» **WHAT YOU SHOULD DO**: The material below holds pictures; leave them out and reproduce exactly the lines from the one with "from digital screens" through the one with "Disclaimer: The application", inclusive.
START DATA TO EXAMINE
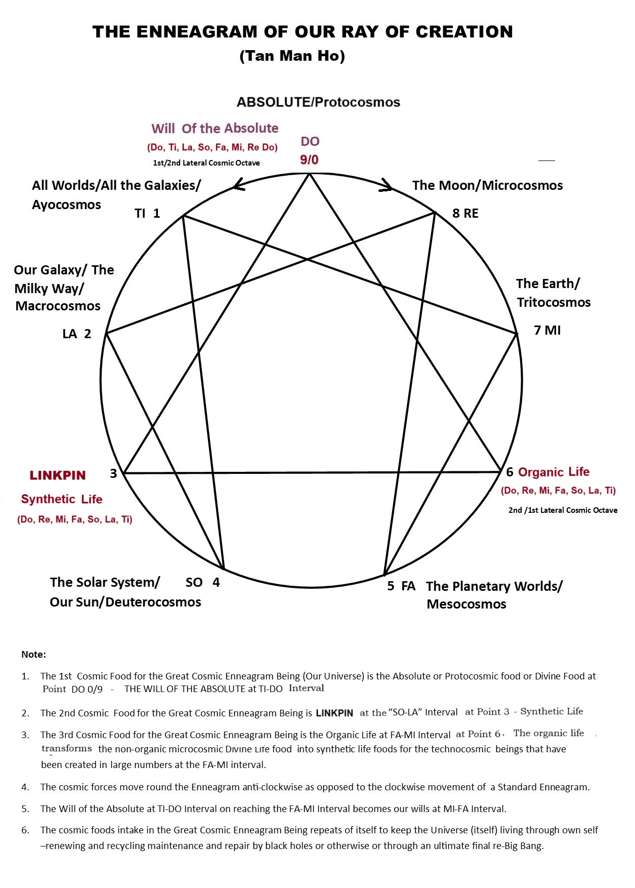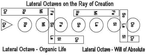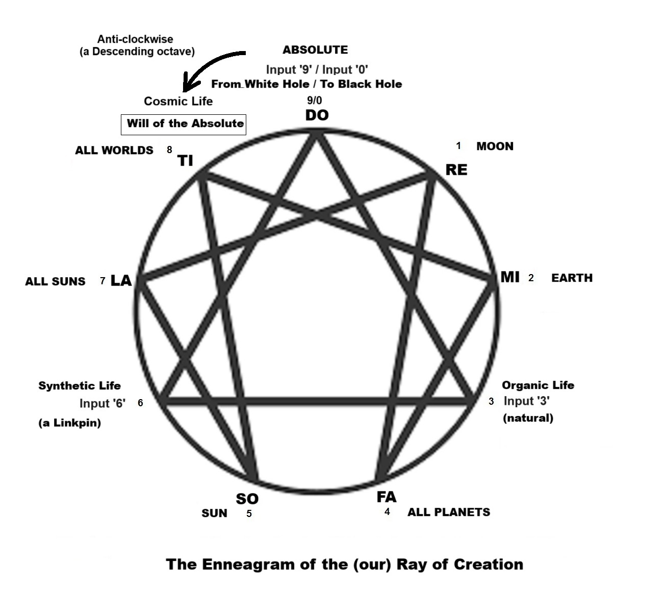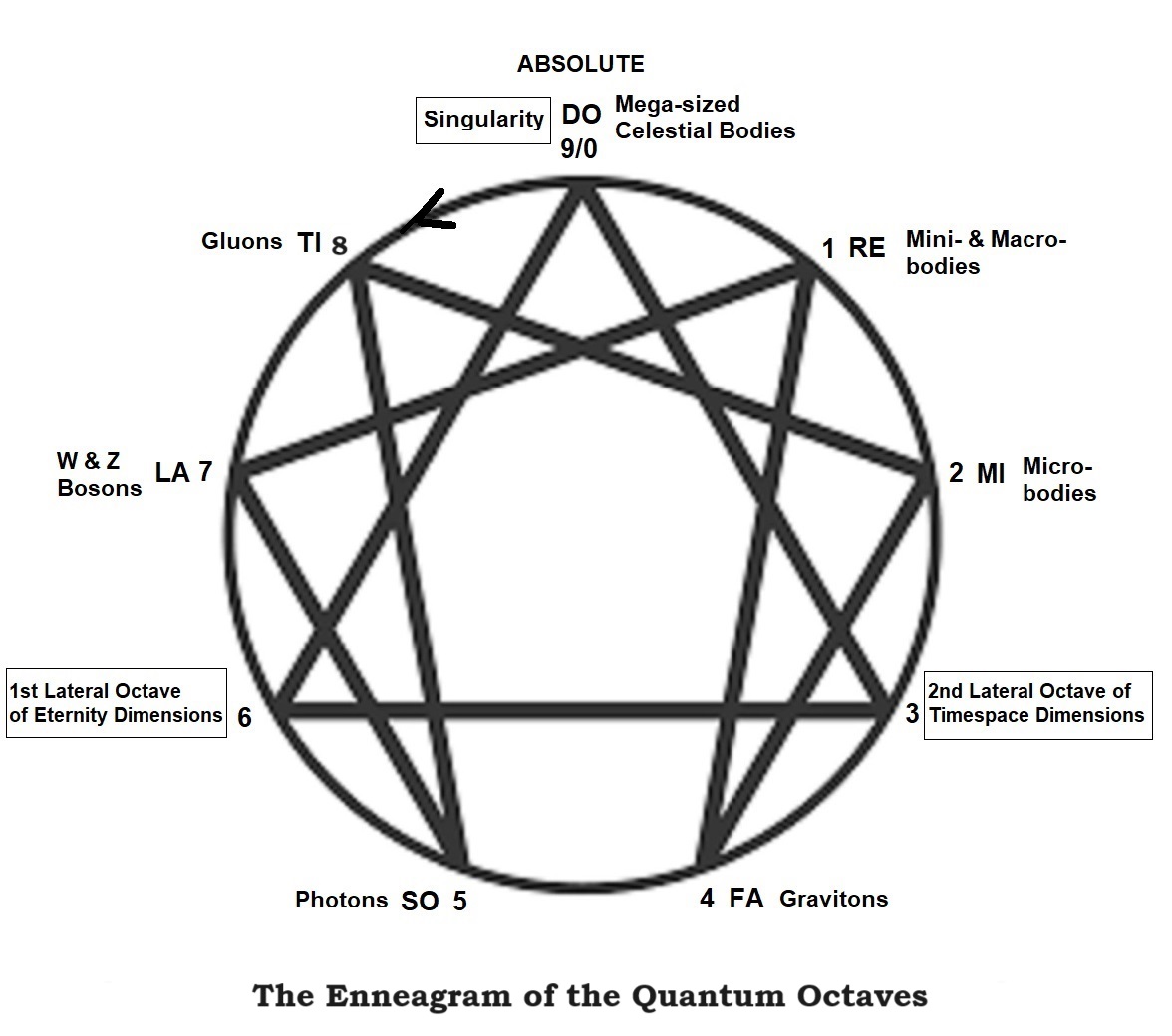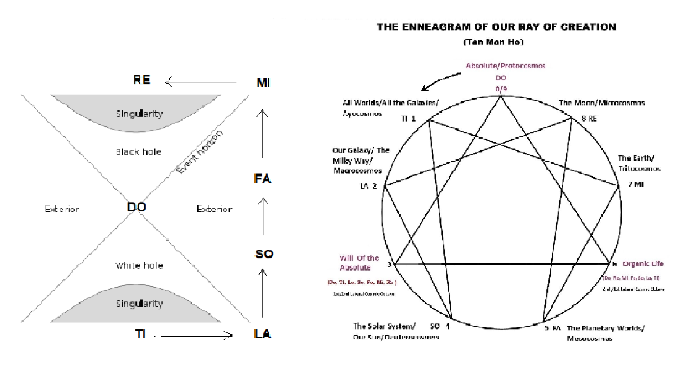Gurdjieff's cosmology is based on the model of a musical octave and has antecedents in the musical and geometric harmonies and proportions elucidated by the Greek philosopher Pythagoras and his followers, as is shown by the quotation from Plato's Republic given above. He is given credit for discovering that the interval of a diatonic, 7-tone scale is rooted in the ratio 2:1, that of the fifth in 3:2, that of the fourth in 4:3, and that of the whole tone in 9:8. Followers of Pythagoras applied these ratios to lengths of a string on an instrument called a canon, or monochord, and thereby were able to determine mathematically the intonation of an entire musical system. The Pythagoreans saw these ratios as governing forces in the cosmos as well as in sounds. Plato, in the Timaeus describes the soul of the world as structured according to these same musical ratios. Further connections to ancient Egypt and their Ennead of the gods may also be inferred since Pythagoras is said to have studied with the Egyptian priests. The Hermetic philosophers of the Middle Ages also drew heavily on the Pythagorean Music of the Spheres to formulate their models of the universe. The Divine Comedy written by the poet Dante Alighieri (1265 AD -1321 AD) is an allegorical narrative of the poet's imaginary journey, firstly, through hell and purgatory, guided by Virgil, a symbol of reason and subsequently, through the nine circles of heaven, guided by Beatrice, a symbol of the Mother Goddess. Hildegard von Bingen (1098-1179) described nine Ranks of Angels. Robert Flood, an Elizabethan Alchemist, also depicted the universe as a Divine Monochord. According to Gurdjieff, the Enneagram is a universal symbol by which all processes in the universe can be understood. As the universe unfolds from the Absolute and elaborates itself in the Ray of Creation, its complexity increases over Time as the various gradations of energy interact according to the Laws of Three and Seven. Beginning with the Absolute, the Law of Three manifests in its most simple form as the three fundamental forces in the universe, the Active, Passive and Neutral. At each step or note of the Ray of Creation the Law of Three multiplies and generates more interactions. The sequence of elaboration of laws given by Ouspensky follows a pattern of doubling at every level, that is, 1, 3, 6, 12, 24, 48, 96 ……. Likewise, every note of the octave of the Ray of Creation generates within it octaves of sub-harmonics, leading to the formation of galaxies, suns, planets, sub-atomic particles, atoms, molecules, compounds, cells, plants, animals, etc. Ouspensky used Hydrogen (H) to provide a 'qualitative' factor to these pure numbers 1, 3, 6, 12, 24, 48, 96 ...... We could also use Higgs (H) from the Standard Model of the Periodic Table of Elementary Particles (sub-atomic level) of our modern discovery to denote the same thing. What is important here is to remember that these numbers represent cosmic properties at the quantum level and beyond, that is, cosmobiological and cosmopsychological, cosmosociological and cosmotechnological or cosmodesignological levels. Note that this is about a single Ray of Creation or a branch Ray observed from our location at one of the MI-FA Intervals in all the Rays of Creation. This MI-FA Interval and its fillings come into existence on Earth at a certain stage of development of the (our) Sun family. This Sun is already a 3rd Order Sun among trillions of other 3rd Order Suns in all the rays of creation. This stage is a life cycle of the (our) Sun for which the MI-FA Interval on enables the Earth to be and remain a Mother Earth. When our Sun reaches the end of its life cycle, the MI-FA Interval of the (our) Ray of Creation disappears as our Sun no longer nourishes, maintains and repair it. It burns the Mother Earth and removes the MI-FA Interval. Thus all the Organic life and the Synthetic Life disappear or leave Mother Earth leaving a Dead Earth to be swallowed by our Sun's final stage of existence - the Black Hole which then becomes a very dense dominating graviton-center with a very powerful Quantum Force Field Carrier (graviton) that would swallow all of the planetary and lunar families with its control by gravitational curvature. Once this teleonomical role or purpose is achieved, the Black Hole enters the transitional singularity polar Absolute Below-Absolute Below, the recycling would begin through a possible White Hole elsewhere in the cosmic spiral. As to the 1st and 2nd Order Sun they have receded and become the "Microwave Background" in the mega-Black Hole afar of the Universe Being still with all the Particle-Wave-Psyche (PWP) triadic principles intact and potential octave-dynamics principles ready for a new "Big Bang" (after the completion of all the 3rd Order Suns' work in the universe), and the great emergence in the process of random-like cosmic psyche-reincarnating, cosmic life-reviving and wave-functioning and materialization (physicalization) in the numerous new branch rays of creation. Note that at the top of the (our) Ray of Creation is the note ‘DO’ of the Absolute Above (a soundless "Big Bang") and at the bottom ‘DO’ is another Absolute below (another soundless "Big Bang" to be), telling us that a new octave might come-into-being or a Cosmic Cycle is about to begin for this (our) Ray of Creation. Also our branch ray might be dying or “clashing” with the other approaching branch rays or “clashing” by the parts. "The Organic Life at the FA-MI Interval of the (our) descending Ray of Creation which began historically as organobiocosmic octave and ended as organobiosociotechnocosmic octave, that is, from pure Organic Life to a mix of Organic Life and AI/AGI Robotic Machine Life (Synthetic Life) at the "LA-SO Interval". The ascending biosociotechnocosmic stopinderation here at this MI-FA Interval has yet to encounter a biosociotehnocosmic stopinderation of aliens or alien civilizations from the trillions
END DATA TO EXAMINE
START DATA TO EXAMINE
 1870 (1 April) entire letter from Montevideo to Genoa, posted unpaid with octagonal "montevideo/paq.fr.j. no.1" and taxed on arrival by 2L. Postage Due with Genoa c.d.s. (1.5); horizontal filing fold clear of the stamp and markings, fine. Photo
END DATA TO EXAMINE
START DATA TO EXAMINE
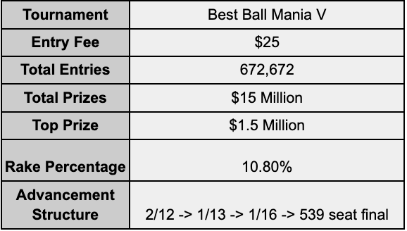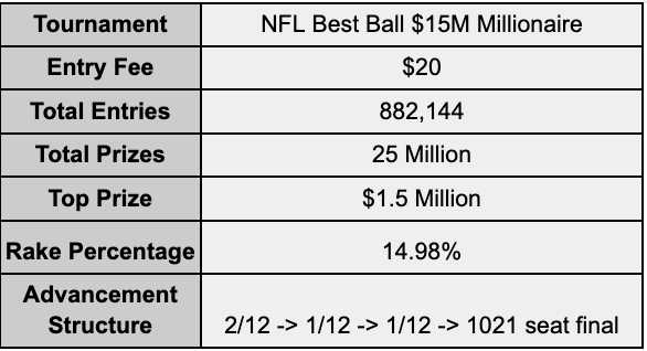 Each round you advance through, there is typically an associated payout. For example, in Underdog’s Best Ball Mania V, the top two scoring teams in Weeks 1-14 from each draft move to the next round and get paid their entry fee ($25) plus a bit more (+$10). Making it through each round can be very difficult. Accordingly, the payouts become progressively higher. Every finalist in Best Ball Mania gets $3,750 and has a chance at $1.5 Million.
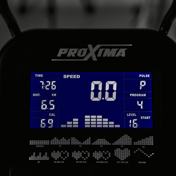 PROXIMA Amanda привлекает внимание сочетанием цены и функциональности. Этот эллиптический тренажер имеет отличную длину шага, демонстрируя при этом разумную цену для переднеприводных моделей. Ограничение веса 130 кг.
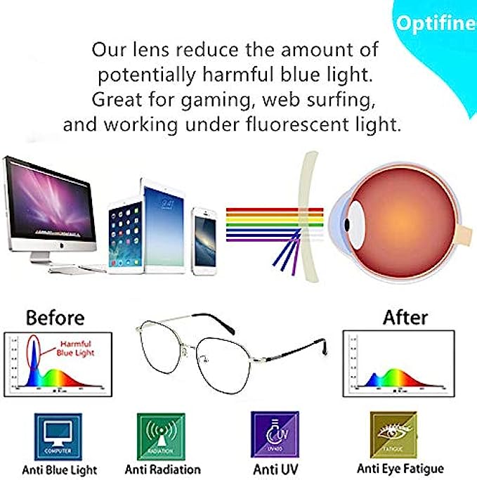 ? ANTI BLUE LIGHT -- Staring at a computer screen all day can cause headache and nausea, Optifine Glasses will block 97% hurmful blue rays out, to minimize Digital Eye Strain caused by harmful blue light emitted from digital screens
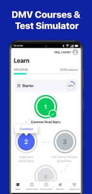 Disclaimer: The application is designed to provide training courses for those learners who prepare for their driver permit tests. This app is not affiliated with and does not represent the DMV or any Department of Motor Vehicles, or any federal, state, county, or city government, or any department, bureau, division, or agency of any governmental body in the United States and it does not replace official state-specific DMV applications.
END DATA TO EXAMINE
» **TASK RESULT**:
 ? ANTI BLUE LIGHT -- Staring at a computer screen all day can cause headache and nausea, Optifine Glasses will block 97% hurmful blue rays out, to minimize Digital Eye Strain caused by harmful blue light emitted from digital screens
 Disclaimer: The application is designed to provide training courses for those learners who prepare for their driver permit tests. This app is not affiliated with and does not represent the DMV or any Department of Motor Vehicles, or any federal, state, county, or city government, or any department, bureau, division, or agency of any governmental body in the United States and it does not replace official state-specific DMV applications.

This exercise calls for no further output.